Мастер Тильман убирает руку с его плеча и дружески хлопает его по спине.
— Судей-то, хочешь, прощай, хочешь, нет, это уж сам смотри. Мне до этого дела нет. Решай, как знаешь.
Вдруг Клаус улыбается. Улыбается не только винному туману, но и новой мысли: он ведь может испробовать великий Соломонов Ключ. Никогда случая не было, но все длинные фразы, которым его учил старик Хюттнер, он запомнил, тогда у него память хорошая была; наверное, он и сейчас сможет произнести их, если постарается. То-то все изумятся, когда он завтра взойдет на лестницу, а цепи вдруг порвутся, как бумажные. То-то они уставятся, когда он раскинет руки и вознесется, и повиснет в воздухе над их глупыми рожами — над дураком Петером Штегером, и его дурой-женой, и его родными, и детьми, и бабкой, и дедом, один другого дурнее, над Мелькерами и Хомрихами, и Хольтцами, и Таммами, и всеми прочими. Как они на него уставятся, как рты разинут, когда он не упадет, а будет все подниматься и подниматься ввысь! Некоторое время еще он будет видеть их крошечные фигурки, потом они превратятся в точки, потом сама деревня станет пятном среди темно-зеленого леса, а когда он поднимет голову, то увидит белый бархат облаков и облачных жителей: и с крыльями, и из белого огня, и с двумя головами, и с тремя, и Он тоже там будет, Повелитель Воздуха, Король Духов и Пламени. «Сжалься, Великий Дьявол, возьми меня к себе, освободи», — скажет Клаус, а тот ответит: «Се — мои угодья. Смотри, как они велики, смотри, как далеко они внизу, лети со мной».

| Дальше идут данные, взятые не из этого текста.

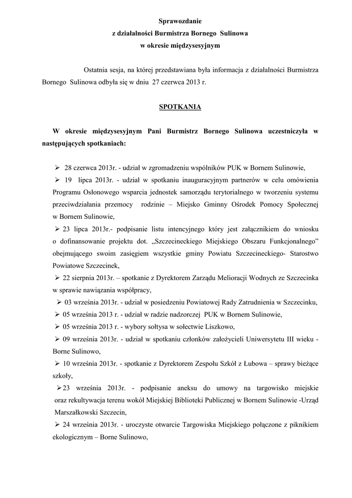 Sprawozdanie z działalności Burmistrza Bornego Sulinowa w okresie międzysesyjnym Ostatnia sesja, na której przedstawiana była informacja z działalności Burmistrza Bornego Sulinowa odbyła się w dniu 27 czerwca 2013 r. SPOTKANIA W okresie międzysesyjnym Pani Burmistrz Bornego Sulinowa uczestniczyła w następujących spotkaniach: 28 czerwca 2013r. - udział w zgromadzeniu wspólników PUK w Bornem Sulinowie, 19 lipca 2013r. - udział w spotkaniu inauguracyjnym partnerów w celu omówienia Programu Osłonowego wsparcia jednostek samorządu terytorialnego w tworzeniu systemu przeciwdziałania przemocy rodzinie – Miejsko Gminny Ośrodek Pomocy Społecznej w Bornem Sulinowie, 23 lipca 2013r.- podpisanie listu intencyjnego który jest załącznikiem do wniosku o dofinansowanie projektu dot. „Szczecineckiego Miejskiego Obszaru Funkcjonalnego” obejmującego swoim zasięgiem wszystkie gminy Powiatu Szczecineckiego- Starostwo Powiatowe Szczecinek, 22 sierpnia 2013r. – spotkanie z Dyrektorem Zarządu Melioracji Wodnych ze Szczecinka w sprawie nawiązania współpracy, 03 września 2013r. - udział w posiedzeniu Powiatowej Rady Zatrudnienia w Szczecinku, 05 września 2013 r. - udział w radzie nadzorczej PUK w Bornem Sulinowie, 05 września 2013 r. - wybory sołtysa w sołectwie Liszkowo, 09 września 2013r. - udział w spotkaniu członków załoŜycieli Uniwersytetu III wieku Borne Sulinowo, 10 września 2013r. - spotkanie z Dyrektorem Zespołu Szkół z Łubowa – sprawy bieŜące szkoły, 23 września 2013r. - podpisanie aneksu do umowy na targowisko miejskie oraz rekultywacja terenu wokół Miejskiej Biblioteki Publicznej w Bornem Sulinowie -Urząd Marszałkowski Szczecin, 24 września 2013r. - uroczyste otwarcie Targowiska Miejskiego połączone z piknikiem ekologicznym – Borne Sulinowo, WYWIADY 09 września 2013r. - Program Samorządowy – Telewizja Gawex, UROCZYSTOŚCI 26 lipca 2013r. - uroczyste obchody Święta Policji – Szczecinek, 28 lipca 2013r. - zawody wędkarskie o puchar Burmistrza Bornego Sulinowa, 01sierpnia 2013r. – uroczyste wręczenie odznaczenia nadanego przez Prezydenta RP KrzyŜem z Mieczami Orderu KrzyŜa Niepodległości dla Pana Marka Szwarc, 15 sierpnia 2013r. – X Międzynarodowy Zlot Pojazdów Militarnych „Gąsienice i Podkowy” Borne Sulinowo, 30 sierpnia 2013r. - DoŜynki Gminne – Jeleń, 05 września 2013r. – uroczyste biesiadowanie urodzin ulicy Konopnickiej 15 Borne Sulinowo, 15 września 2013r.- Piknik Wiejski połączony z Powiatowym Świętem Plonów - Świątki 16 września 2013r. - uroczyste otwarcie nowego laboratorium Badań Wody i Ścieków - PWiK Szczecinek, 20 września 2013r. - Grzybobranie na wrzosowej polanie – Leśnictwo Liszkowo, W sprawach skarg i wniosków - w okresie międzysesyjnym - Burmistrz Bornego Sulinowa oraz Zastępca Burmistrza przyjmowali 62 interesantów. 2 REFERAT GOSPODARKI NIERUCHOMOŚCIAMI 1. 2. 3. 4. 5. 6. 7. 8. 9. 10. 11. 12. 13. 14. Zawarto 1 aneks do umowy najmu lokalu mieszkalnego w sprawie spłaty lub części zadłuŜenia z tytułu nieuregulowania opłat czynszowych wykonując świadczenia rzeczowe na rzecz Gminy Borne Sulinowo. W dniach 29 i 30 lipca 2013r. przekazano 16 lokali mieszkalnych znajdujących się w budynku przy ul. Słowackiego 9 klatka B w Bornem Sulinowie. W tym 4 lokale o statusie komunalnym i 12 lokali o statusie socjalnym. Sporządzono 19 nowych umów. Sporządzono 18 protokołów z przekazania lokali mieszkalnych. Przekwalifikowano 1 lokal uŜytkowy na lokal mieszkalny w miejscowości Kiełpino. Przygotowano zestawienie w formie tabelarycznej lokali mieszkalnych do ubezpieczenia. ZłoŜono deklarację dotyczącą opłaty za gospodarowanie odpadami komunalnymi budynku połoŜonego przy ul. Słowackiego 9B w Bornem Sulinowie. Rozwiązano za porozumieniem stron 3 umowy najmu lokali mieszkalnych (Łubowo, ul. Zakątna 2 , Al. Niepodległości 46A/5) . Sporządzono protokoły z przejęcia 3 lokali komunalnych. Udzielono pisemnych odpowiedzi dla osób zainteresowanych wykonaniem we własnym zakresie nakładów finansowych w lokalach komunalnych. Udzielono pisemnych odpowiedzi dla osób proszących o wykonanie wymiany stolarki okiennej i drzwiowej i innych małych prac w lokalach komunalnych i socjalnych. Sporządzono protokół z przekazania ruchomości po zmarłej Zieniewicz Wandzie zamieszkałej w Czochryniu 3 na rzecz spadkobiercy. W dniu 04 września 2013r. odbyło się posiedzenie Komisji Mieszkaniowej, na których rozpatrywano wnioski o przydział lokali mieszkalnych. Przygotowano zawiadomienia dla wszystkich najemców na terenie miasta w sprawie obowiązku płacenia 9,00 zł za selektywne zbieranie odpadów komunalnych. REFERAT SPRAW OBYWATELSKICH 1. Działalność Komisji ds. PRPA. W okresie międzysesyjnym wszczęto 2 postępowania o zobowiązanie do leczenia odwykowego na wnioski złoŜone przez rodzinę osoby uzaleŜnionej oraz Miejsko – Gminny Ośrodek Pomocy Społecznej w Bornem Sulinowie. W związku z powyŜszym skierowano pisma do Komisariatu Policji oraz sporządzono umowy na przeprowadzenie wywiadów środowiskowych. Ponadto skierowano do biegłych – psychologa i psychiatry 8 teczek akt spraw celu przebadania i wydania opinii w przedmiocie uzaleŜnienia osób od alkoholu, przygotowano 1 umowę zleceń dla pracownika socjalnego na sporządzenie wywiadu środowiskowego, przygotowano umowę – zlecenie dla specjalisty psychoterapii na przeprowadzenie zajęć dla osób dotkniętych przemocą, ustalono przyjęcia na oddział detoksykacyjny dla 5 osób, terapię odwykową w systemie stacjonarnym ukończyły 2 osoby, zakupiono 2 bilety miesięczne z przeznaczeniem na dojazd na terapię w systemie dziennym, ustalono i dofinansowano badania okresowe oraz terapię podtrzymującą po odbytej terapii podstawowej dla 7 osób. W związku z prowadzonymi postępowaniami „ Niebieska Karta” uczestniczono w 5 posiedzeniach Zespołu Interdyscyplinarnego ds. Przeciwdziała

Клаус смеется. На секунду он видит, как вокруг его ног суетятся мыши, у одних змеиные хвосты, у других рожки, как у гусеницы, и вроде бы он чувствует, как они его кусают, но укусы только немного покалывают, почти приятно, и вот он снова видит себя в полете, какую легкость дарит мне мой Повелитель! Только вот слова вспомнить бы, не ошибиться ни в одном слове, ни одно слово не забыть, иначе не откроет дверь Соломонов Ключ, иначе все будет зря. Но если вспомнишь слова, все останется позади — тяжелые цепи, нищета, мельничья жизнь с ее холодом и голодом.
— Это все вино, — говорит мастер Тильман.
— Я тут надолго не задержусь, — повторяет чужак, не глядя на него. — Тесимонд еще пожалеет!
— Он сказал, что простит меня, — говорит мастер Тильман. — Сказал, что не проклянет.
— Не обращайся ко мне!
— Скажи, слышал ли ты, — говорит мастер Тильман. — Скажи, а не то больно сделаю. Сказал он это или нет?
Оба смотрят на мельника. Тот закрыл глаза, прислонился к стене и никак не перестанет хихикать.
— Да, — отвечает чужак, — он это сказал.
Неле сразу поняла, что им попался не лучший бродячий певец. Но только когда Готфрид на рыночной площади затягивает песню о дьявольском мельнике, ей становится ясно, что хуже просто не бывает.